> PROVIDED MATERIAL:
++++

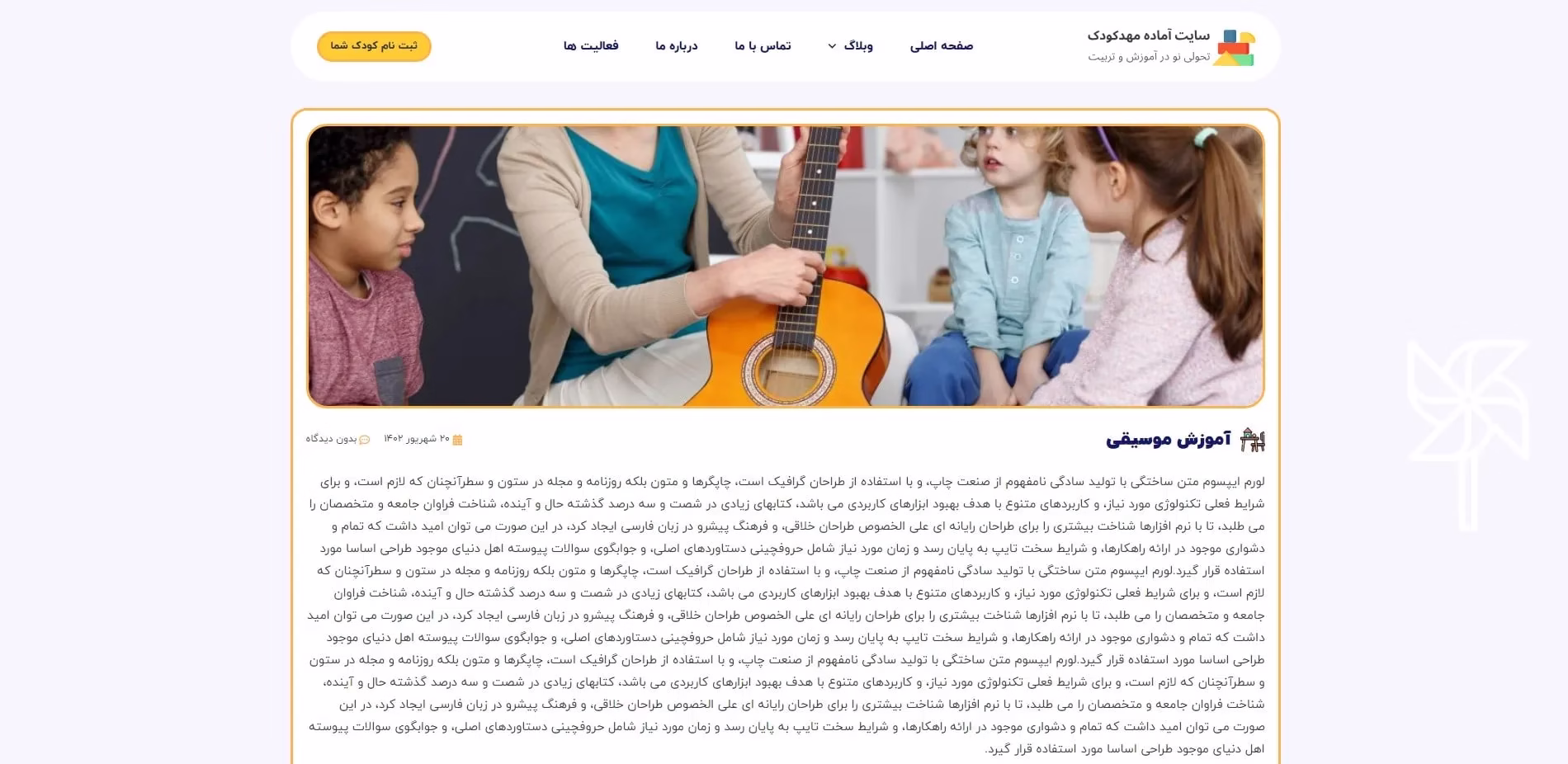 تمام تلاش متخصصین ما در این سایت این بوده که با بهره گیری طراحی رابط کاربری جذاب و کارآمد، به والدین و مربیان و صاحبان مهد کودک و آموزشگاه کمک کند تا به راحتی و با سرعت بیشتری به اطلاعات مورد نیاز خود دسترسی پیدا کنند. همچنین، با ارائه بخش مقالات آموزشی جذابیت و کارایی سایت شما در این زمینه بیشتر خواهد شد. در این سایت علاوه بر زیبایی و جذابیت سعی شده تا امکانات خوبی نیز برای شما فراهم شود و این امر محقق شده است.
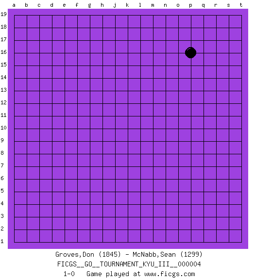 Last move : 1-0 2009 November 1 8:3:58 [Event "FICGS__GO__TOURNAMENT_KYU_III__000004"] [Site "FICGS"] [Date "2009.10.01"] [Round "1"] [Black "Groves,Don"] [White "McNabb,Sean"] [Result "1-0"] [Rating 1 "1845"] [Rating 2 "1299"] 1.p16 1-0 This go game has been lost on time (started : 2009.10.01 9:17:3) Here are the names of the openings (joseki) played in the four corners : Player Black won this Go (weiqi, baduk) game. Follow this game move after move (download)If you have won four corners, resign. (Anonymous) Memory is a crazy woman that hoards colored rags and throws away food. (Austin O'Malley)
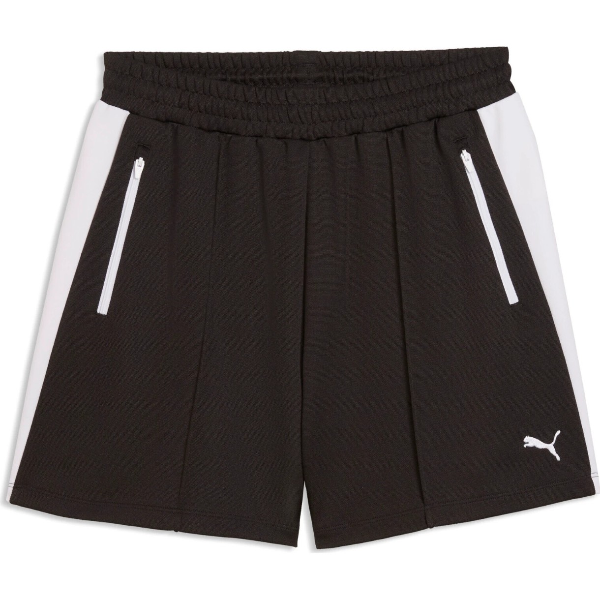 Elementul central rămân dungile emblematice PUMA T7 pe laterale, care adaugă dinamism și recunoaștere vizuală. Logo-ul brodat PUMA Cat pe coapsă completează designul.

++++

> INSTRUCTIONS TO FOLLOW:
Retype the whole of the data verbatim. Skip every picture.

> RESULT FOR THIS TASK:
 تمام تلاش متخصصین ما در این سایت این بوده که با بهره گیری طراحی رابط کاربری جذاب و کارآمد، به والدین و مربیان و صاحبان مهد کودک و آموزشگاه کمک کند تا به راحتی و با سرعت بیشتری به اطلاعات مورد نیاز خود دسترسی پیدا کنند. همچنین، با ارائه بخش مقالات آموزشی جذابیت و کارایی سایت شما در این زمینه بیشتر خواهد شد. در این سایت علاوه بر زیبایی و جذابیت سعی شده تا امکانات خوبی نیز برای شما فراهم شود و این امر محقق شده است.
 Last move : 1-0 2009 November 1 8:3:58 [Event "FICGS__GO__TOURNAMENT_KYU_III__000004"] [Site "FICGS"] [Date "2009.10.01"] [Round "1"] [Black "Groves,Don"] [White "McNabb,Sean"] [Result "1-0"] [Rating 1 "1845"] [Rating 2 "1299"] 1.p16 1-0 This go game has been lost on time (started : 2009.10.01 9:17:3) Here are the names of the openings (joseki) played in the four corners : Player Black won this Go (weiqi, baduk) game. Follow this game move after move (download)If you have won four corners, resign. (Anonymous) Memory is a crazy woman that hoards colored rags and throws away food. (Austin O'Malley)
 Elementul central rămân dungile emblematice PUMA T7 pe laterale, care adaugă dinamism și recunoaștere vizuală. Logo-ul brodat PUMA Cat pe coapsă completează designul.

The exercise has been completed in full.